1. https://developer.cisco.com/docs/pyats/

2. https://napalm.readthedocs.io/en/latest/

3. https://nornir.readthedocs.io/en/latest/

4. https://pyneng.readthedocs.io/en/latest/index.html

xnyanta 774 days ago [-]

Had the same reaction as soon as I found out pyATS is a cisco-specific thing. I run very simple networks for events on shoestring hardware/budgets and built a simple wrapper around my own object model using python, jinja and napalm to deploy cisco switches via SSH. Has terraform-like semantics (plan/apply) and lets me be productive and eliminate config drift. Napalm does all of the heavy lifting, it is fantastic. I will probably be integrating it with netbox soon.

batch12 774 days ago [-]

Looks like he works for Cisco at the moment. Maybe that has something to do with it.

nu11ptr 774 days ago [-]

I do network automation for a profession. I build tools (technically compilers) that take a proprietary object model designed for our private cloud and translate that into Ansible (v1) or Terraform (v2) code. At our company, I actually call using these tools in isolation doing it "manually". This is because the largest benefit of automation, I believe, is the abstraction gained from the new object model and being to to generate and store the inputs for Ansible/Terraform in a database. If you have to track and specify all the inputs into Ansible/Terraform and write the playbooks/HCL manually it is my experience you don't actually save all that much work. However, when you have an object model specifically designed for your use case, you can deliver a new client network in literally minutes (essentially nothing more than the cloud model, exactly what AWS/Azure, etc does for their networking). The downside is most enterprises don't have people like me to write the code to do this, and writing it for a single deployment would likely not see the gains that we see as a managed service provider.

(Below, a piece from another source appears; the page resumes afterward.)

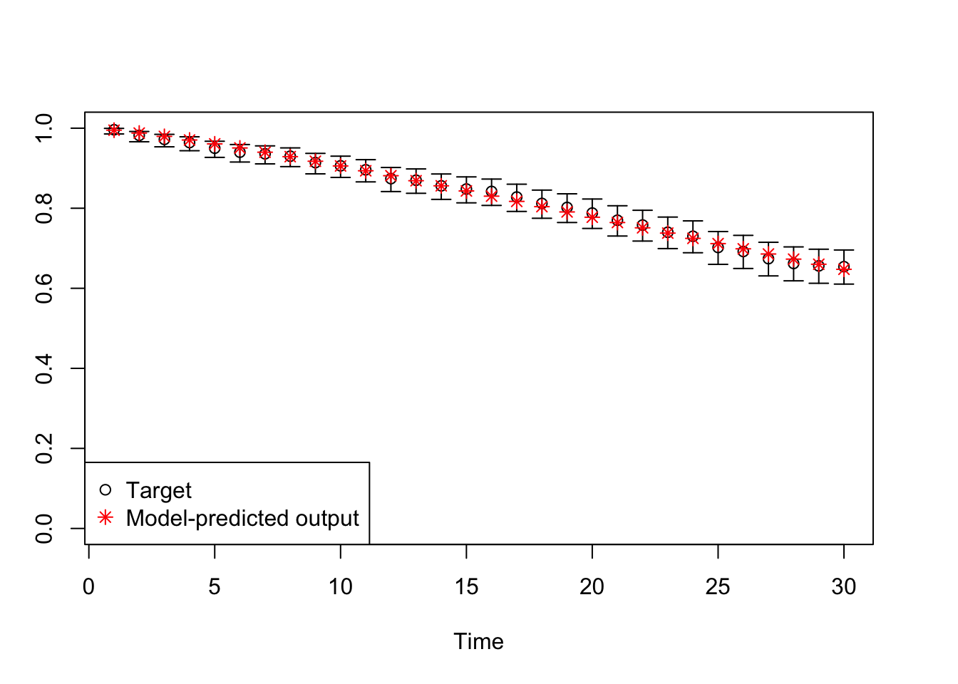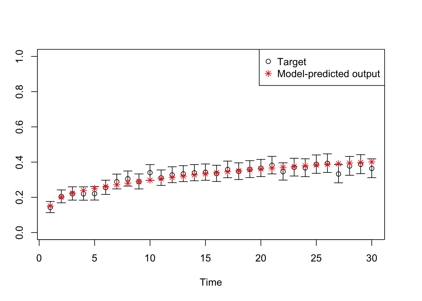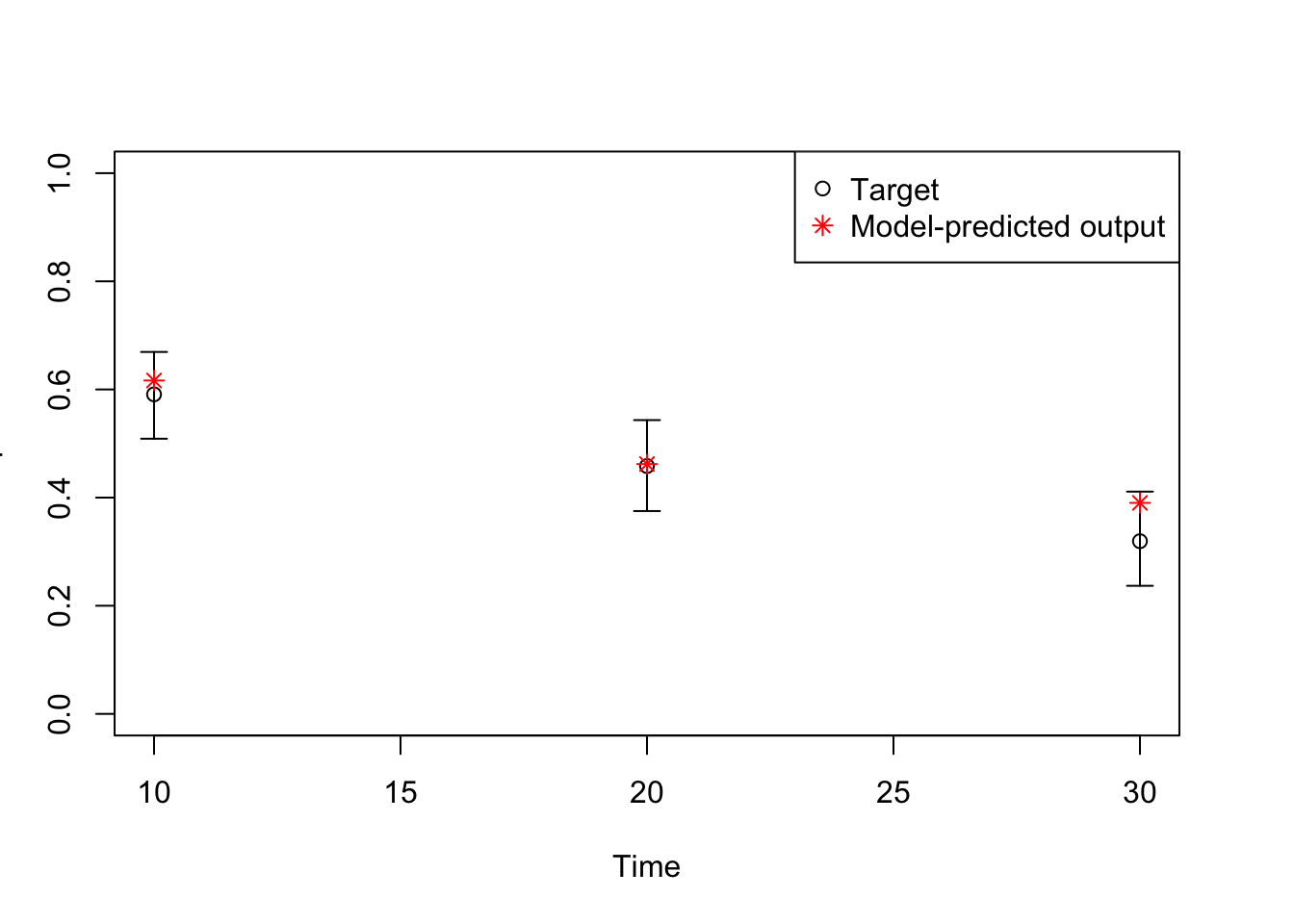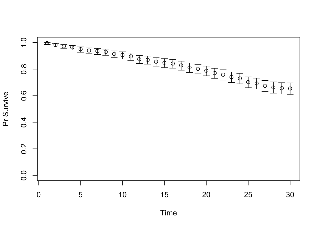 # TARGET 3: Proportion who are Sick ("PropSick"), among all those afflicted (Sick+Sicker)plotrix::plotCI(x = lst_targets$PropSick$time, y = lst_targets$PropSick$value,ui = lst_targets$PropSick$ub,li = lst_targets$PropSick$lb,ylim =c(0, 1),xlab ="Time", ylab ="PropSick")

totallywrong 774 days ago [-]

Isn't that a lot of words to say that you have a custom set of Terraform modules for your needs? If you're describing a different or better way to do it I'm missing it.

nu11ptr 774 days ago [-]

No. It is a frontend application that works as a CRUD REST API, validates the data, generates what it can, and stores it into a database/IPAM. It can then be changed, viewed, modified, deleted, etc.

When you are ready to deploy I "compile" the object model data into an IR (representing the "network topology") and then make a final pass and translate into HCL for all the various backends.

I'm not saying its "better" as it has trade offs. I'm saying for networks specifically, it is the only way I've seen in the real world to give these tools lots of value. Otherwise the network engineers end up spending all their time looking up the input data (vlans, subnets, ips, etc.) which is the part that is most time consuming for manual configuration as well. The validation and auto-generation of the input data is where the value comes in.

totallywrong 774 days ago [-]

Got it thanks, makes sense. The way I've frequently seen this done, that goes more in line with the IaC and GitOps trends, is people making a PR to the config repo with the required values. Then a pipeline runs and does all validations, pulls data from external sources, and runs the terraform plan. If everything looks good upon review a merge applies the saved plan.

dangus 773 days ago [-]

Interesting way to do things there. Have you looked into Pulumi or Terraform CDK?

I don’t know if either of those would help you or not and I’m not proficient in either, but some of the components you described seem like they might have some overlap.

nu11ptr 771 days ago [-]

Those things are about using code instead of HCL for modeling primarily. For us, it is about UI and UX (it is a REST API consumed by a Rundeck form and other services) as most of our engineers are not devops trained. Also, TF is only one possible backend. We actually emit other configuation code and configuration instruction sheets as MD and PDF for things we don't support.

jmbwell 774 days ago [-]

There's a push and pull; ansible and terraform both have some facilities for doing what you describe, but of course if you're using both tools, then you wind up where you are, needing yet another layer of abstraction common to both.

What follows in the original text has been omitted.